Il tramonto arriva con bruciature nel cielo. Sono immerso in una cornice idilliaca, con la donna che amo, senza obblighi né urgenze. Eppure ho l’impressione di non provare più niente, d’essere gettato in mezzo alle cose senza alcuno scopo. Mi succede sempre più spesso. E questo ha a che fare più con un arresto involontario della motilità mentale, una sorta di torpore, che con la mia età. Così almeno mi piace pensare. Invecchio? Non so, forse sono già oltre, allo stadio in cui il frutto inizia a corrompersi.
Sogno, non sogno, mi dissolvo in questa penombra isolana. Guardo, non guardo. Niente ha più importanza. Ci sono macchie sul muro esterno del bar e nel cielo: si assomigliano. Nulla mi tocca più, tranne la brezza marina. Il sale s’incrosta sulle case del villaggio e nei capelli di Marta. Assenza. La ruota del giorno gira nostro malgrado. Il mio criceto interiore è fuggito. Volano foglie.
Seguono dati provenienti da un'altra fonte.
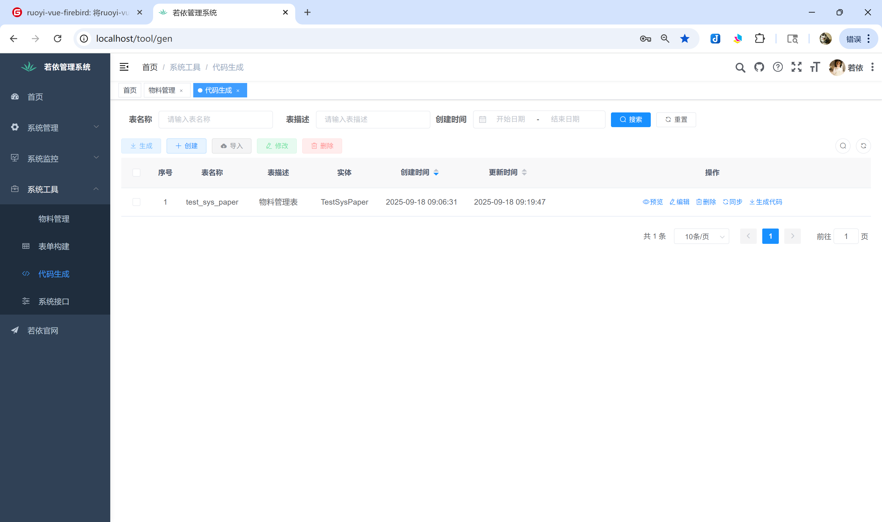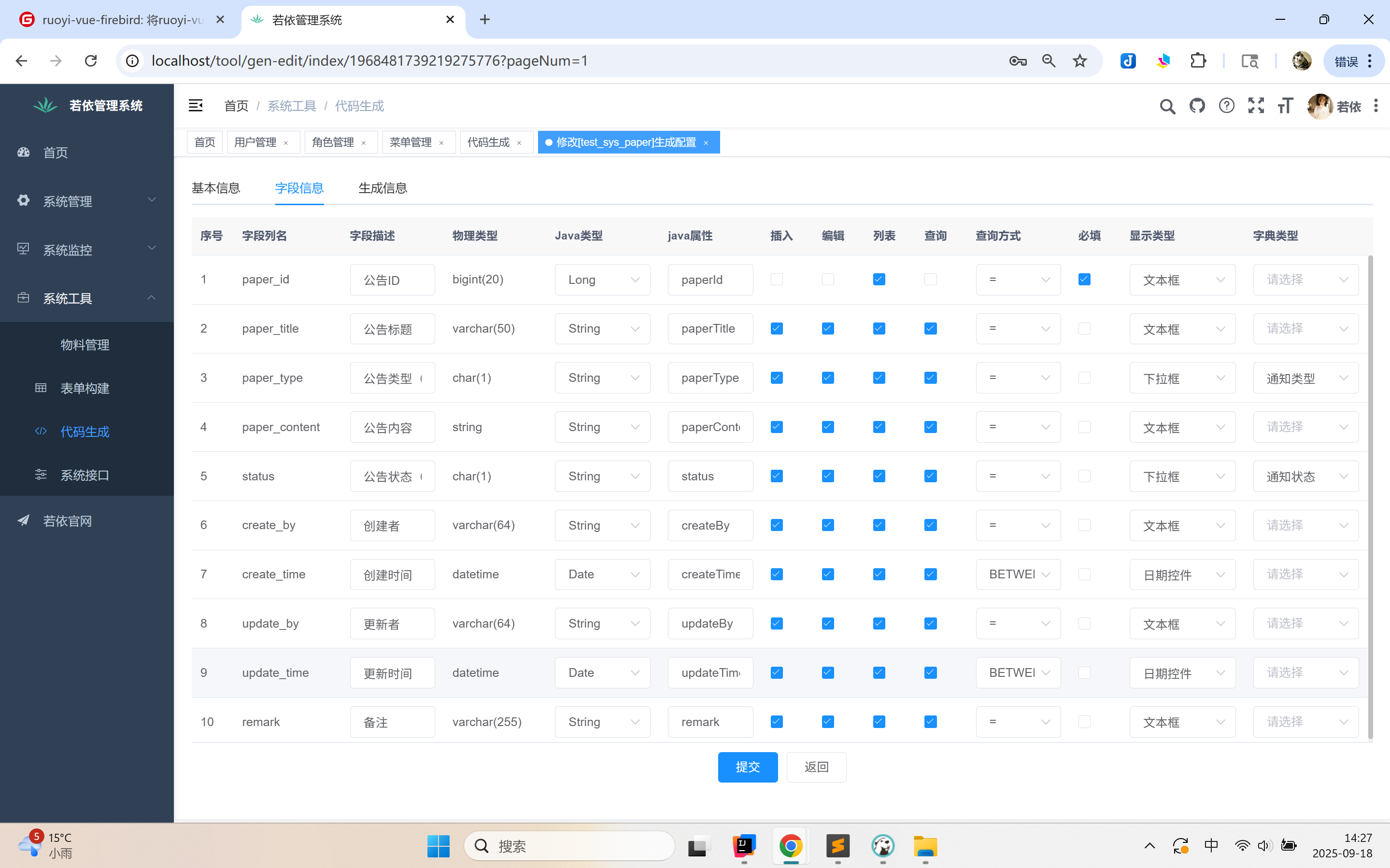 6. 代码生成:前后端代码的生成(java、html、xml、sql)支持CRUD下载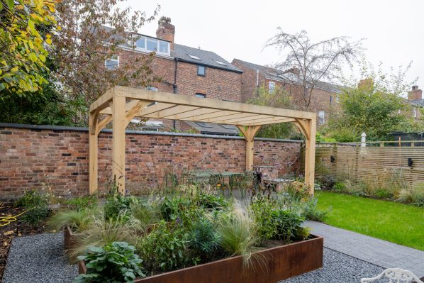 Our bespoke oak pergola kits are fully customisable, from the wood you choose to the design specifications you need. The frames are available in high-quality QP1 green oak or with air-dried beams, and the rafters can be created in oak or softwood.

Strano, non vedo alberi. Qualcuno porterà fiori sulla mia tomba? Che cazzo di domanda!
«Ecco qua!»
La pettegola arriva con due bicchieri e un piatto contenente quattro arancini. Il solito trucco dei baristi: dar da mangiare agli avventori per incitarli a bere. Il servizio è diligente ed efficace.
Leviamo i bicchieri per un brindisi. Il verde delle foglie di menta, schiacciate sul fondo, contrasta con il rosso brillante del liquido, simile alla granatina. Beviamo.
«È dolce!»
La mia constatazione non la sorprende.
«Pensavi forse che la felicità fosse amara?»
«Potrebbe esserlo. Però è gradevole.»
«Va bene così, smettila di rimuginare.»
Non ci riesco, è più forte di me. Mi chiedo se la vecchiaia, la regione verso la quale Marta ed io ci stiamo incamminando, consista in un’insospettata sovrabbondanza di tempo. Dubito d’essere mai appartenuto a questa condizione. Molti dei miei cosiddetti amici erano già vecchi prima ancora che l’età anagrafica certificasse la loro appartenenza alla categoria degli anziani. Io vi sto sfociando come un torrente che fatalmente arriva al mare. E sono fortunato perché la maggior parte dei rigagnoli si perde o si rinsecchisce prima ancora di giungere alla meta. Un mare noioso nella sua calma, che nessuno sospetterebbe ancora capace d’onde anomale.
Quando non perdono la memoria, i vecchi si dedicano a ricomporre parti scelte della loro vita, come un autore che rispolveri un racconto scritto in gioventù e, mettendovi mano, lo trasfiguri in una cronaca completamente diversa da ciò che l’aveva originato. L’azione cede il passo ai tempi morti, il troppo pieno d’emozioni e di slanci a vuoti senza spiegazione. Un po’ come si fa quando si ritrova una scatola di vecchie fotografie in cantina: la coppia di giovani sposi che fruga nelle cose dei vecchi, magari per un’eredità imprevista, s’interroga sull’identità di quella o di quell’altra figura, si meraviglia, tenta di ricucire, chiede lumi ai sopravvissuti che ancora ricordano. I giovani sono conservatori: mummificano l’eccesso senza comprenderlo.